How I Feel, Terri Clark
May 19, 1998

Clark’s third album, How I Feel cemented her country music star status in the U.S.A. thanks to the success of the record’s second single, “You’re Easy on the Eyes.” The track, a funny song that flips the script on the typical male gaze narrative, reached No. 1 on the country charts in both the U.S. and Canada. Clark puts her male subject on notice, and she’s the one objectifying and quantifying his cost/benefit analysis, as “easy on the eyes and hard on the heart.” The best zinger? “So why don’t you send me your photograph?/ It would hurt a lot less than taking you back/ then I could still have my favourite part of you.”

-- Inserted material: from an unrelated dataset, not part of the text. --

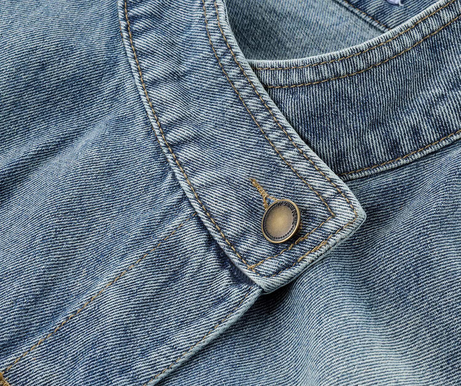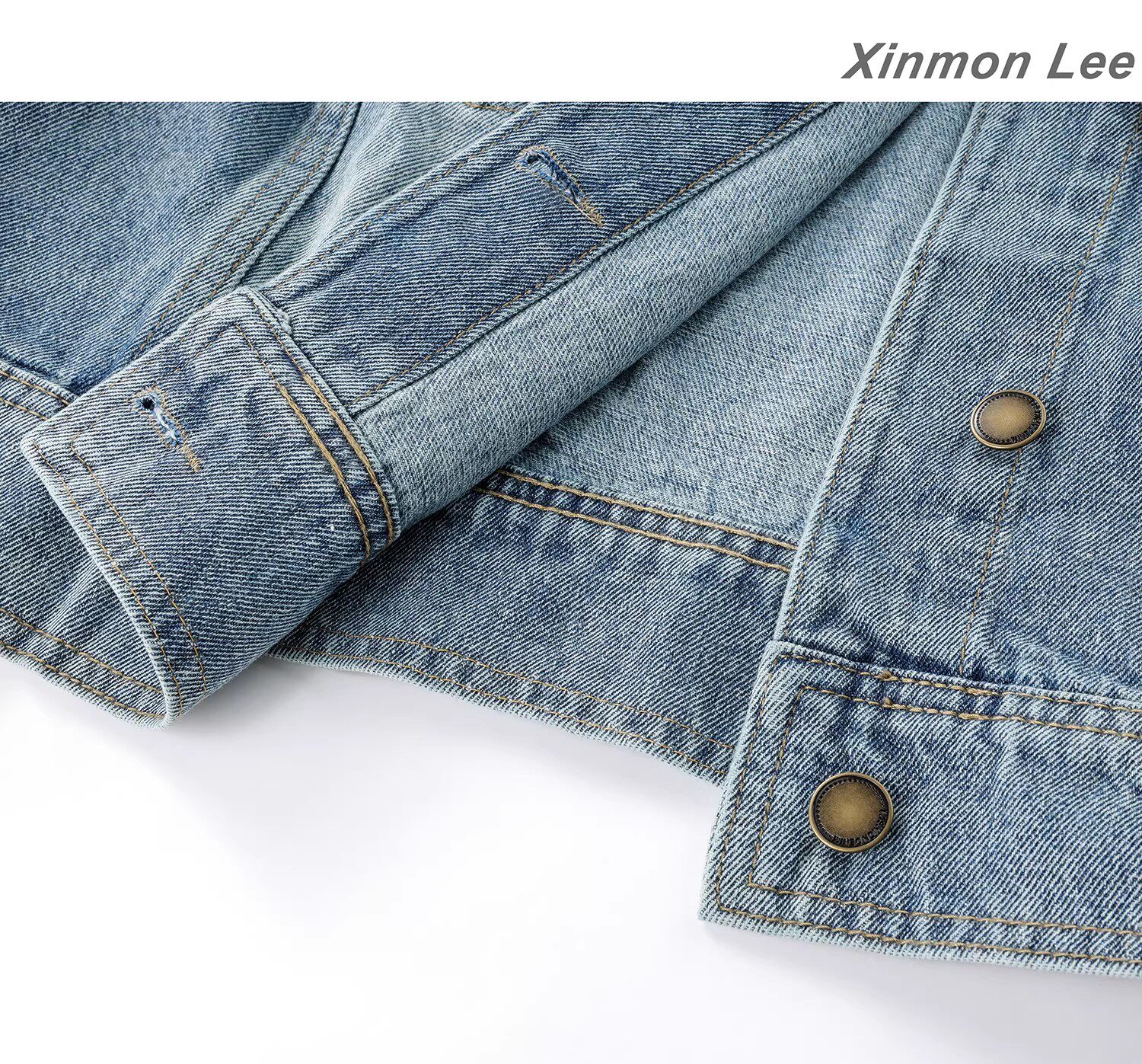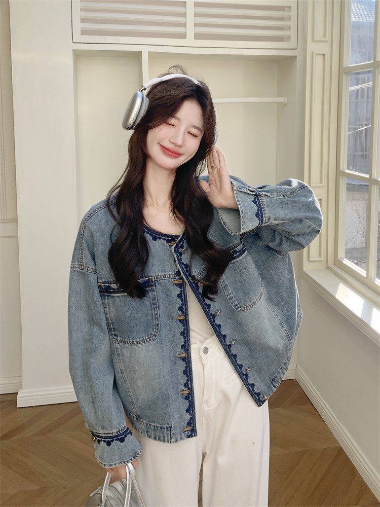 무거운 작업 자수 데님 쇼트 스타일 여성 코트 2026 봄 드레스 새로운 한 부서 착용 가져 가라. 자이언트 잘 생긴 라운드 넥 재킷 맨위

Gender-flipping songs like this became something of a Clark trademark. It’s evident throughout How I Feel, and it’s something Clark reflected on in a recent interview with CBC Music. “Although a lot of my songs are female-empowering, I’m attracted to a lot of songs a guy would do or you could hear a guy doing, the tougher sort of edge that they have,” she said. Diving back into How I Feel with this framework puts a decidedly feminist lens on Clark’s subversive twist of the classic country sound.